Ordinary least squares (OLS) regression is one of the most powerful tools in a data scientist’s pocket. Personally, as someone who specializes in causal inference, I have built most of my career on OLS and closely related analyses—from t-tests up through structural time series models. But we’ve all had to work with simpler tools than we might like from time to time, and I have gotten a lot of mileage out of doing regression analyses directly in SQL.
I’m not the first person to implement regression using SQL. In fact, Mode’s own SQL tutorial includes an example of running an A/B test analysis in SQL, implemented using Student’s t-test—which is just a special case of a simple linear regression.

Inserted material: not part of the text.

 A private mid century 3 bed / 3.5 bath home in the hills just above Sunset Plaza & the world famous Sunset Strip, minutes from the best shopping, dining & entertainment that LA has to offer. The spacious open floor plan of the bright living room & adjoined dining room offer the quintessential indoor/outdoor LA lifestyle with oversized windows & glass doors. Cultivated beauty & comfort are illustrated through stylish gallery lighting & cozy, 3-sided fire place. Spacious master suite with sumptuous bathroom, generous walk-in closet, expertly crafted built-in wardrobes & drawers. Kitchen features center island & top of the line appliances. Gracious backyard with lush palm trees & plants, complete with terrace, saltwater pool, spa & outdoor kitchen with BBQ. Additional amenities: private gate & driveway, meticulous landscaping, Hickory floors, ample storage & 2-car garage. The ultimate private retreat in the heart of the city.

Often, that’s all you need, but sometimes it’s not.
Sometimes you need to remove seasonality from a time series before you can pipe it into a data visualization but going round-trip through Python just isn’t in the cards. Sometimes you want to run a t-test while controlling for a continuous covariate. Sometimes you want to run a regression on ranks. And sometimes, you want to do any one of the other thousand problems that nobody has bothered to post a SQL recipe for.
My suggestion? Old introductory statistics textbooks.

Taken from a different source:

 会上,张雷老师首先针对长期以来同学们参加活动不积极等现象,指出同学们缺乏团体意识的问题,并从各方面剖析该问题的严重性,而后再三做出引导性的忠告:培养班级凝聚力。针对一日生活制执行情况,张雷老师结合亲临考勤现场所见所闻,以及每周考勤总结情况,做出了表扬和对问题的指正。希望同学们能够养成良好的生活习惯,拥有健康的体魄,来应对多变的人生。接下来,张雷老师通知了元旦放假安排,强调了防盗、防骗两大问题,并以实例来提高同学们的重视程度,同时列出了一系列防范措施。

It turns out that a lot of those old formulas for running statistical analyses by hand with paper and pencil (and maybe, if you’re lucky, a slide rule), are very easy to adapt to SQL code. Or, if not easy, at least possible.

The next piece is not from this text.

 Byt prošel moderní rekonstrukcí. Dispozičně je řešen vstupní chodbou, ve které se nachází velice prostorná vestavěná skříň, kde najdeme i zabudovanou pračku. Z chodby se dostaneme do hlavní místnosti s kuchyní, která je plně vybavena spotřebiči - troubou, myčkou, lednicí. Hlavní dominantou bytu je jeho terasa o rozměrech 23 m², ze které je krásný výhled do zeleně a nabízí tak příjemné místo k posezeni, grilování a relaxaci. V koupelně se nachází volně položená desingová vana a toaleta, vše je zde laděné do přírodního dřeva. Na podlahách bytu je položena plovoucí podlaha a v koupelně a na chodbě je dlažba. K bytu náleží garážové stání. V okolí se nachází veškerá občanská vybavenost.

It turns out that a lot of those old formulas for running statistical analyses...are very easy to adapt to SQL code.
Statistical formulas like linear regression are often explained in these older texts by using a table of numbers beginning with X (the predictor) and Y (the outcome), and then by adding more columns off to the right with derived quantities finally summing those columns at the bottom of the page. It ends up looking almost exactly like SQL.
We’re publishing a new whitepaper on how to do linear regression in SQL. Yes, I used an outdated statistics textbook when writing it.
You can download the whitepaper here, with all the gory details. I think it’s an extraordinarily useful little trick to have in your back pocket.
But an even more useful trick is to draw on the resources of the last hundred years of statistical research, including the basics.
Especially the basics.
If your measurements are clean and meaningful, if your A/B tests are well designed and powerful, you might rarely need anything more than the “basics.” Very often, good statistics are boring statistics and exciting business insights, not the other way around.